## Data under study
^^^^

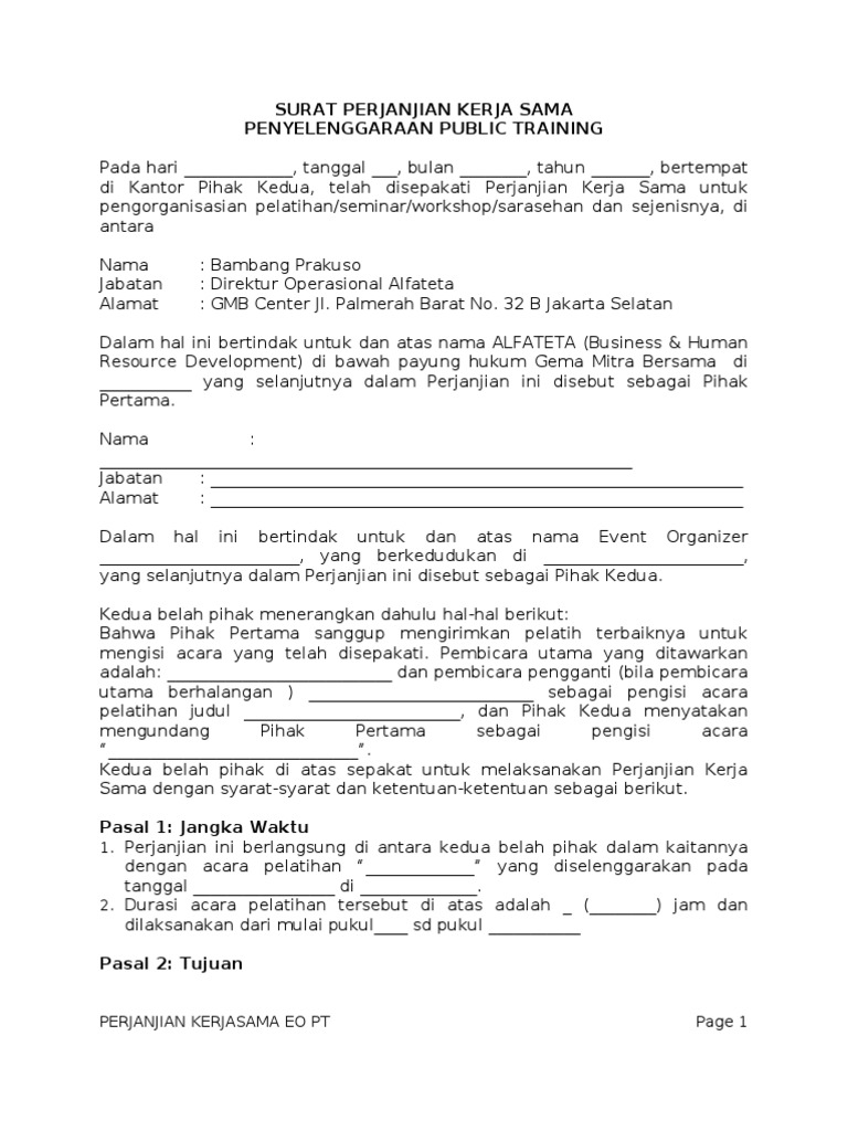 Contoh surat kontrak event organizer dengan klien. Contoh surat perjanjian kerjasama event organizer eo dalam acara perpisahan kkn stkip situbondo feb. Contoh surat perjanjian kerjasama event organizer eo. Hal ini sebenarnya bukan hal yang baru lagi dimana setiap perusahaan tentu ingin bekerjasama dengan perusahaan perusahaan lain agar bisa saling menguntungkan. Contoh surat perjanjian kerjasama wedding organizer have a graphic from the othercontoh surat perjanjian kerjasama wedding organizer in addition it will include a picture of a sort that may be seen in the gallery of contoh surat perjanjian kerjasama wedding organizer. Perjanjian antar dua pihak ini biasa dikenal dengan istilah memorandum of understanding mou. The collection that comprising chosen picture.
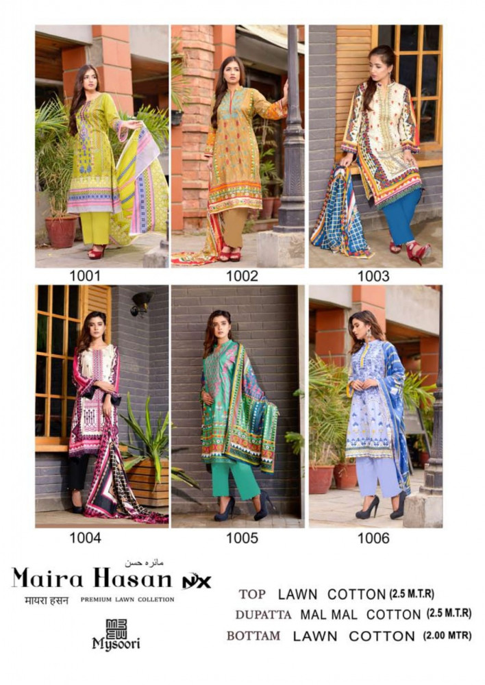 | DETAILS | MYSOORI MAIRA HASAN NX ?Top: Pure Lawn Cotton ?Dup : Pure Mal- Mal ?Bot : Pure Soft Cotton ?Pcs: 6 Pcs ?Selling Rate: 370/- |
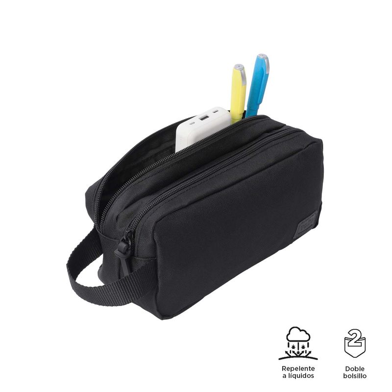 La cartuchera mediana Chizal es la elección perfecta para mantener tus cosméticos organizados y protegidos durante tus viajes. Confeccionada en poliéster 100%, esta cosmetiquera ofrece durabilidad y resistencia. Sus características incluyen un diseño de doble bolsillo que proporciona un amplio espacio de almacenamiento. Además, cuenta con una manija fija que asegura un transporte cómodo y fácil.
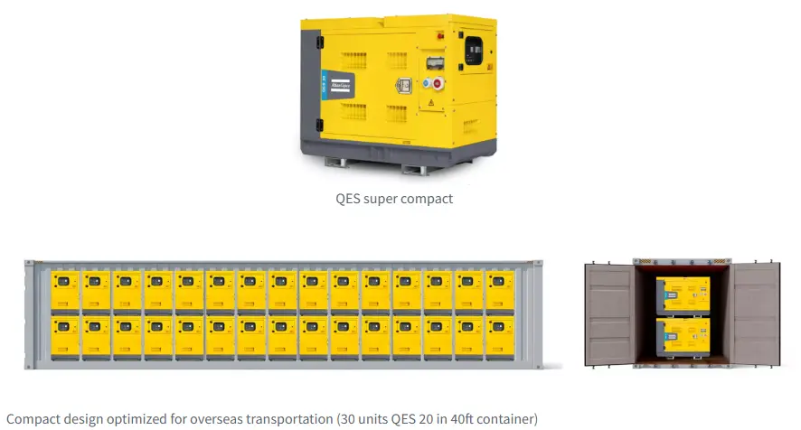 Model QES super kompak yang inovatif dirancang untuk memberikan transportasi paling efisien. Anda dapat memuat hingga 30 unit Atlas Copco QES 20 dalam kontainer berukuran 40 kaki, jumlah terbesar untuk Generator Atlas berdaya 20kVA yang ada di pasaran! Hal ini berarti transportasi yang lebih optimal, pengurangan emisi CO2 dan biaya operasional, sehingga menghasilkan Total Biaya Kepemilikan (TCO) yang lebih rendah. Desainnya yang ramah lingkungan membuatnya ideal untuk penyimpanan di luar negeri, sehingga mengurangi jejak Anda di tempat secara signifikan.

^^^^

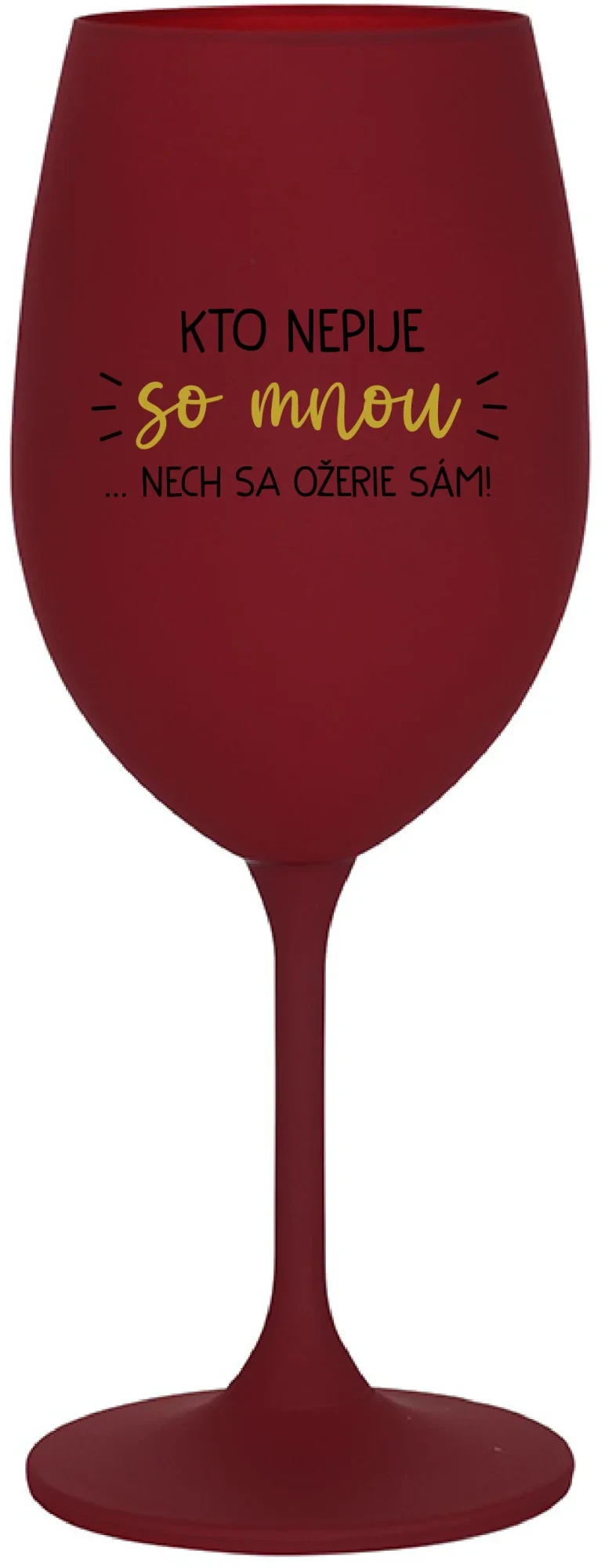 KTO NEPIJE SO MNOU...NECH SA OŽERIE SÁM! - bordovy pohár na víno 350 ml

^^^^

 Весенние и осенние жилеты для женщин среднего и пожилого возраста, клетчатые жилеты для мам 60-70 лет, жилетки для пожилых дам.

^^^^

## Work request
What are the lines above from the one with "Contoh surat kontrak" to the one with "Model QES super", both included? Reproduce them exactly, without pictures.

## Solution
 Contoh surat kontrak event organizer dengan klien. Contoh surat perjanjian kerjasama event organizer eo dalam acara perpisahan kkn stkip situbondo feb. Contoh surat perjanjian kerjasama event organizer eo. Hal ini sebenarnya bukan hal yang baru lagi dimana setiap perusahaan tentu ingin bekerjasama dengan perusahaan perusahaan lain agar bisa saling menguntungkan. Contoh surat perjanjian kerjasama wedding organizer have a graphic from the othercontoh surat perjanjian kerjasama wedding organizer in addition it will include a picture of a sort that may be seen in the gallery of contoh surat perjanjian kerjasama wedding organizer. Perjanjian antar dua pihak ini biasa dikenal dengan istilah memorandum of understanding mou. The collection that comprising chosen picture.
 | DETAILS | MYSOORI MAIRA HASAN NX ?Top: Pure Lawn Cotton ?Dup : Pure Mal- Mal ?Bot : Pure Soft Cotton ?Pcs: 6 Pcs ?Selling Rate: 370/- |
 La cartuchera mediana Chizal es la elección perfecta para mantener tus cosméticos organizados y protegidos durante tus viajes. Confeccionada en poliéster 100%, esta cosmetiquera ofrece durabilidad y resistencia. Sus características incluyen un diseño de doble bolsillo que proporciona un amplio espacio de almacenamiento. Además, cuenta con una manija fija que asegura un transporte cómodo y fácil.
 Model QES super kompak yang inovatif dirancang untuk memberikan transportasi paling efisien. Anda dapat memuat hingga 30 unit Atlas Copco QES 20 dalam kontainer berukuran 40 kaki, jumlah terbesar untuk Generator Atlas berdaya 20kVA yang ada di pasaran! Hal ini berarti transportasi yang lebih optimal, pengurangan emisi CO2 dan biaya operasional, sehingga menghasilkan Total Biaya Kepemilikan (TCO) yang lebih rendah. Desainnya yang ramah lingkungan membuatnya ideal untuk penyimpanan di luar negeri, sehingga mengurangi jejak Anda di tempat secara signifikan.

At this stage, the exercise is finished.